How to Build a Foundation from Start to Finish


Alright, so the overall scope of this addition
here is to remove the glass sunroom. This is going to become an extension of the
dining room which is on the right side and the kitchen which is on left side.
The other part of the construction that you are seeing behind me is going to become the
master bedroom and bath area. So right now what we’re doing here is digging
the foundation for the project here in Rocky Hill Connecticut.
It’s a crawl space foundation, so the first thing that we’re doing is just digging down
about 42″, just deep enough for the footers to be below the frost line.
Once we get this all dug out, we’ll get back to the next phase of the project pouring the
footers and the walls. So right now we’re standing in the kitchen,
and what we’re going to do here, is that we’re going to remove the entire wall.
From that point in the corner, all the way down to the dining room, which is this way.
Alright so as you can see we’re in the dining room now, and this is the other part of the
wall that we’re going to take out, right up to this corner here.
Now one of the biggest problems with this here, I should say obstacles that we’re going
to have to overcome is that we are going to have to header off this entire ceiling which
has a span of about 20 feet. Now once we actually take this apart and we
get up into the ceiling and see how its constructed , we will have a better idea of the types
of materials we can use. The overall goal here is going to be to eliminate
any columns, butting through the center of the opening.
So right now we’re standing in one of the bedrooms, which is currently being used as
an office, but when this project is complete, this office is going to become the new master
bathroom. The activity that you see behind me again
is the excavation, and after this wall is where we’re going to blow out the new addition
which will be the master suite. Now what we’re going to do here is basically
is we’re going to keep this part of the wall which is going to be used for the new bathroom,
and right about this area here we’re going to create a walkway for the hallway into the
new addition. So what you’re looking at here is the excavated
area where our new addition is going to go. Now these forms all around the perimeter here,
are where the footers are going to be poured. Now if you see here, on this addition which
was poured about 10 years ago or so, is very similar to what we’re going to be doing today.
The first step of pouring is going to be just the footers in here and its similar to this. Now once these footers are completely dried
and cured, the forms are going to come off and the next step is going to be to pour the
foundation walls, which is something like this and that’s going to sit on top of the
footers and it’s also going to follow the perimeter.
Now once all the perimeter footers get poured the next footers that we’re going tom pour
are these center footers in the middle of the addition.
These are going to support some lally columns that are going to hold the main carrying beam
form this end all the way to the house.
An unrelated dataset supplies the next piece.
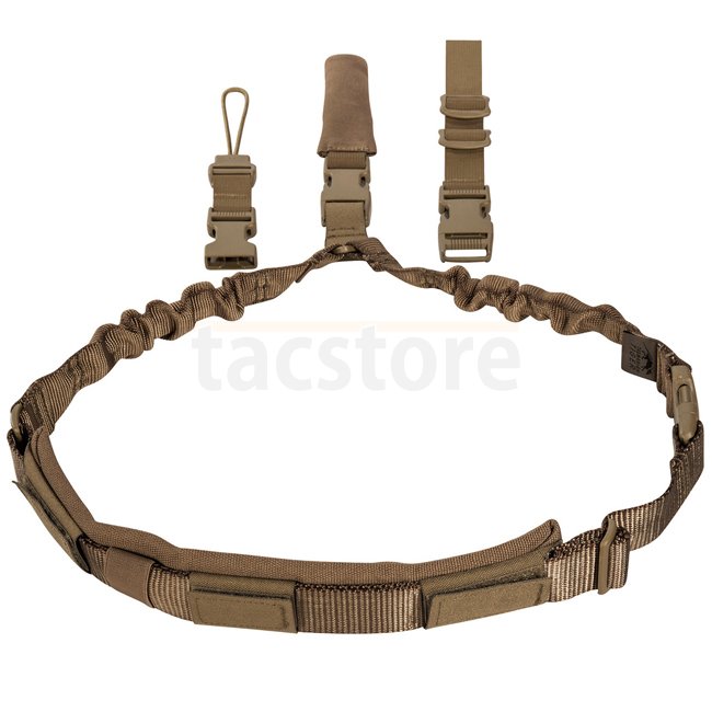 Gepolsterter Single-Trageriemen mit verschiedenen Befestigungsoptionen. Per Steckschließe kann entweder ein Waffenhaken, ein Band für Riemenösen oder eine 3-mm-Reepschnur für Kameras (2 Strings à 3 mm Durchmesser) angebracht werden. Die maximale Belastung der Kameraaufhängung beträgt 85 Kilogramm, und sie sollte ausgetauscht werden, wenn der innere weiße Kern sichtbar wird.

Now on top of this main carrying beam, we’re
going to rest our floor joists that are running across at a 20 foot span.
Next thing to know here is the dept of the footers. In the northeast the code states
that you have to be at least 42 inches deep below grade. Grade means basically where the
grass is, the reason for that is so the frost doesn’t go any deeper than 42 inches, and
it’s not going to push the addition up during the season when the ground freezes.
The concrete truck is here and in the next couple minutes we’re going to be pouring the
footers. Alright, so now we’re starting to pour the
concrete for the footers. The concrete that we are using is a 3000 PSI high strength concrete
mix. The reason we’re using such a high strength
mix, is because the weight of the whole addition relies on the footers.
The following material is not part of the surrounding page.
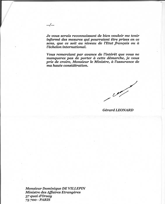 我想请您了解,我已与外交部长多米尼克-德-维尔潘先生沟通,提请他对采取所有政治和外交手段制止这种对人类基本权利的侵犯的必要性的重视。

Alright so today is a busy day here on Simply Additions at the project site. What we are
doing is the first step here, see Tony in the corner over there, he’s drilling a hole
just inside that foundation. What he’s going to be doing is ramming rebar
in there and they’re going to be pins, because the new foundation wall has to have some sort
of a mechanical connection to the existing foundation and the new foundation using a
pin. Looking at the basement window right now,
you can see the marking and that’s where we are going to be putting a cut, the reason
for the cut is so that we can have a walk-thru from the old basement to the new foundation.
The new foundation is only going to be a three foot crawl space. And we need to cut and opening
so that we can have access to run all the utilities into the new basement.
So we have a form set on top of the concrete footers, and they’re about ready to start
pouring the concrete. If you notice everything is squared and we
got some strings here to make sure everything is squared, level and plumb.
As you can tell down here as we were talking about before, these are the pins that are
anchored into the existing foundation, that are going to give a good mechanical fastening
to the new concrete wall. This red line right here represents the height
of our foundation wall. Something that Tony is going to use as a guide for himself throughout
the rest of this pouring. Alright so we’re here today and we poured
our concrete walls and we already stripped the forms. So now we got a nice fresh concrete
wall and what we have here are the anchor bolts
These are going to be used to fasten the top plates and essentially what it’s going to
do is keep the entire structure from blowing away. It’s going to give a good mechanical
fastening from the walls to the concrete. So now I’m standing inside the crawl space
foundation and today we are going to be pouring the floors.
So now I’m standing inside the crawl space foundation and today we are going to be pouring
the floors. Right now what Tony is doing over here he’s using a laser level so he could
make sure that when he pours the floor its going to be nice and level.
He’s using these red chalk lines as a guide when he’s pouring to make sure the floor is
consistently level all around walls.